I don't think so.. It would look weird and you can achieve the same by typing a+=1..


> Should we generalise the concept to function calls?  If so, I guess that overload resolution would work in much the same way as for operations on user-defined types.

Well, AFAIK, the whole point of having language-supported ops is run-time efficiency - you can otherwise easily wrap your arrays in classes like Vectors and Matrices and overload ops. Functions just don't make much sense in that respect (assuming you mean calling func(int, int) for each element of int[], int[]?)

> Of course, these questions raise one more: how easy or hard would these ideas be to implement?

No idea :)

If this is done, I'd also suggest adding a few util functions to arrays, like .min, .minIndex, .max, .maxIndex, .sum and .vectorLength (as in sqrt(a[0]^2 + a[1]^2 + ...)). Dot product is then simply (a*b).sum, and the compiler can detect this is being done and not even produce the result array..


xs0

February 15, 2005

Re: Possible rewrite of array operation spec

Posted by Stewart Gordon
in reply to xs0

Stewart Gordon

Posted in reply to xs0

xs0 wrote:
> Nice job on the spec (especially the different dimensions handling). I do feel, however, that it should not be necessary to always create new arrays for result -- I'd say that if the left-hand side is non-null and of the appropriate size (i.e. exactly equal to size of result), it need not be reallocated.

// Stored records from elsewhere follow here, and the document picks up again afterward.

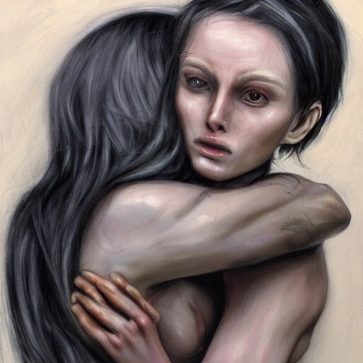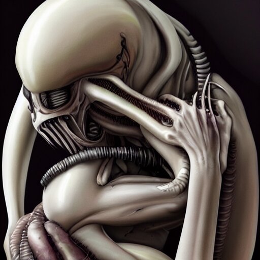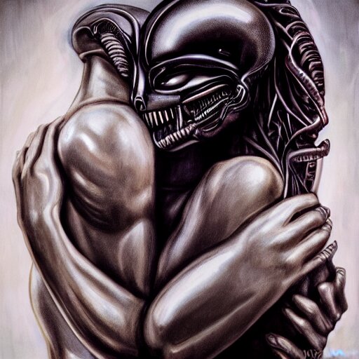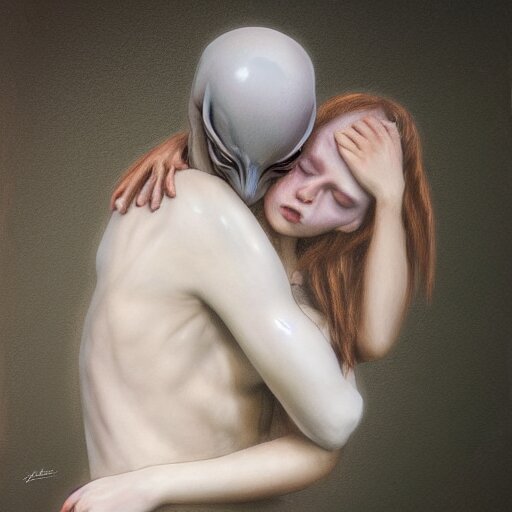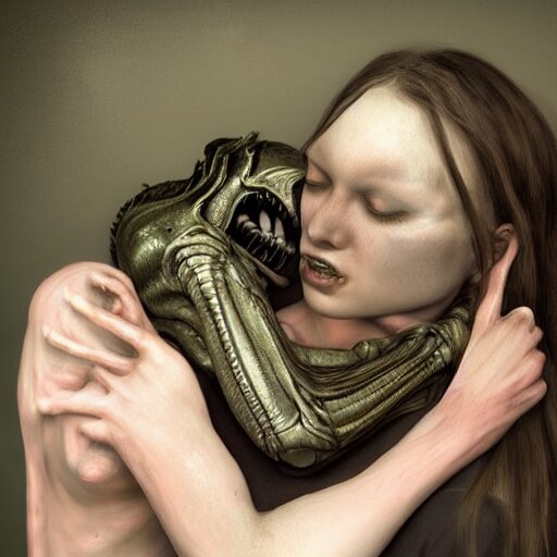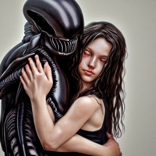 Xenomorph hugging sad pale beauty embracing, verisimilitude, realism, realistic detail, high megapixel picture, ultra definition, hyperrealism, award winning photo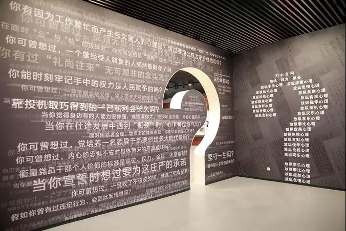 互动区以互动答题和自主选择的方式进行,分为四个展项:人生选择、无处不在;以案明理、四种形态;深刻反思、远离腐败;信守承诺、壮骨补钙。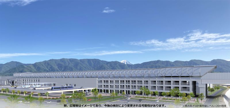 (仮称)山梨県駅は、延長約1200メートル、最大高さ約32メートルの高架橋等構造物となる。ホーム区間の最大幅員は約46メートル。工事内容は、ラーメン高架橋5連、橋りょう6橋、上屋構造物など。2階部分で南北の駅前広場と接続する。建設地は、甲府市と中央市にまたがる。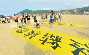 | 第4原発近くの海水浴場でおこなわれた「海洋音楽祭」の会場で、原発閉鎖を訴える緑色公民行動連盟の若者たち。応じた人たちが横断幕にメッセージを書き込む(7月12日) |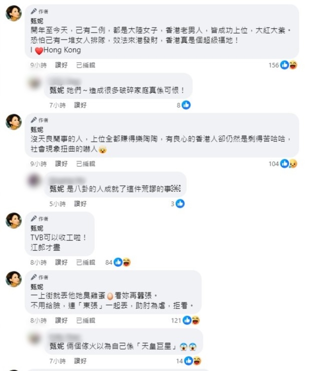 甄妮在帖文未有開名,卻在留言續寫道:“開年至今天,己(已)有二例,都是大陸女子,香港老男人,皆成功上位,大紅大紫??峙录海ㄒ眩┯幸欢雅伺抨?,效法來港發財,香港真是個超級福地!I Love Hong Kong!沒天良鬧事的人,上位全都賺得樂陶陶,有良心的香港人卻仍然是剩得苦哈哈,社會現象扭曲的嚇人?!闭缒葜霸诹硪惶闹背猓骸袄夏衅芈队H兒,公仆個資+穩私+毀謗=犯衆憎亦犯國法。爛女罪狀:教唆+主使+同謀+污蔑+行騙+擾亂治安=罪加一等。此等劣人,青山都不收,赤柱監獄留好位置了?!?/p>

Consider just iterating through a list of vectors to find a specific one (for example, by multiplying each with some constant vector (i.e. dot product))- you wouldn't want a gazillion arrays created..

That's basically what I said here:

>> However, a quality implementation will optimize the evaluation of the expression to eliminate temporaries where possible.

The essence of the essence is to keep the spec relatively simple and the semantics clear.

<snip>
> If this is done, I'd also suggest adding a few util functions to arrays, like .min, .minIndex, .max, .maxIndex, .sum and .vectorLength (as in sqrt(a[0]^2 + a[1]^2 + ...)). Dot product is then simply (a*b).sum, and the compiler can detect this is being done and not even produce the result array..

I started to mention this idea before.

http://www.digitalmars.com/drn-bin/wwwnews?D/21671

But calling them .min and .max is asking for confusion with the minimum and maximum allowable values of a type.  Maybe .minValue and .maxValue, making them parallel with the Index counterparts?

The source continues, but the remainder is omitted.